The Swiss, if they are well brought up, do not trust themselves to give vent to their emotions.

The Indians, if influenced by Buddhism, habitually depotentiate their emotions by reciting a mantra.

Thus, in Ceylon, I once saw two peasants get their carts stuck together, which in any other part of the world would have led to endless vituperation.

But they settled the matter by murmuring the mantra “aduca anatman” (passing disturbance-no soul).

The high figures for motoring accidents, relatively the same in all
countries, show that none of these attitudes is an adequate palliative.

Only the way in which accidents come about or are dealt with displays certain differences.

With the exception of the English and the Buddhists, nobody is aware that an affect is in itself a morbid condition.

The well-known fact that the Englishman feels at home everywhere comes out in the story of the Austrian and the Englishman.

The Austrian says to him: “I see you’re a stranger here.”

The Englishman replies: “Of course not, I’m British!”

This kind of prejudice can make a motorist very careless and reckless.

The German feels a stranger everywhere because he suffers from a national feeling of inferiority.

Consequently, he lets himself be far too much impressed by foreign ways and habits, and at the same time feels obliged to protest against them, thus making himself thoroughly unpopular.

The Italian will tell you a lie because he doesn’t want to make a disagreeable impression.

The well brought up Frenchman is extremely polite in order to keep you at a distance.

The American is a problem in himself.

It is his national prejudice to be as harmless as possible, or at least to appear so.

He has the unpleasant task of having to assimilate primitive cultures in his midst, and to do this he has to believe pre-eminently in himself in order to escape infection.

As a result, he is always animated by the best motives and is profoundly unconscious of his own shadow.

You see from these examples that all sorts of apen;us can be arrived at, but they lack any kind of system because the subject is too large.

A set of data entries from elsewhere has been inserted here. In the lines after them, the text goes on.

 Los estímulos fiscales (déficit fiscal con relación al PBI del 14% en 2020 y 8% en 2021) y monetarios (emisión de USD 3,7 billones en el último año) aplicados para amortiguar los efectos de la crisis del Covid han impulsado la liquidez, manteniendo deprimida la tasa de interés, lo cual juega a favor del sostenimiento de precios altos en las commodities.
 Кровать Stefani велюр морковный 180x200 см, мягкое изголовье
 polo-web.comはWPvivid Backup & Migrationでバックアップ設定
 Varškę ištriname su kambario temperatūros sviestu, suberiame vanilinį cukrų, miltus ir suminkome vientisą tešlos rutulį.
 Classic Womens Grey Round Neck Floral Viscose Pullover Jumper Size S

National prejudice is something bigger than the individual and is answered by compensations coming from the collective unconscious.

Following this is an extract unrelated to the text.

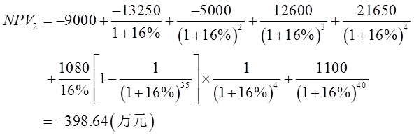 ②第5~40年的年运营成本:1350×20%=270(万元);

This causes almost insuperable difficulties for the rational intellect.

Hence, too, the old idea that every country or people has its own angel, just as the earth has a soul.

And in the same way that nations lead lives of their own, the unconscious compensation has an existence of its own which manifests itself in a special development of symbols.

It can be seen in religious and political developments as well-for instance, loss of monarchy and difficulties in establishing a democracy; or, as in England, retention of monarchy and a correspondingly smoother course of democratic development.

The French have never got over the murder of their king.

For France as well as Germany democracy is not a uniting bond but an unleashing of regional interests having all the marks of an infantile condition.

The fact that one can go on with these aperqus ad infinitum Demonstrates the unwieldiness of the problem.

Thanks to my profession and my clients, I have an intimate knowledge of modern man in his national setting.

But for that very reason I could in no circumstances muster up the courage to tackle this problem.

If the psychology of individuals is still only in its beginnings, how much more so is the psychology of nations-not to mention the psychology of mankind.

We are still a long way from being able to frame generally valid theories, let alone construct a system.

Even if, undeterred by age, I tried to fulfill the task you have set me, this tour de force would nonetheless be impossible to bring off because the difficulty of the problem far exceeds my powers.

All the same, I am extremely interested that you have recognized its existence so clearly.

I feel rather like old Moses, who was permitted to cast but a fleeting glance into the land of ethno-psychological problems.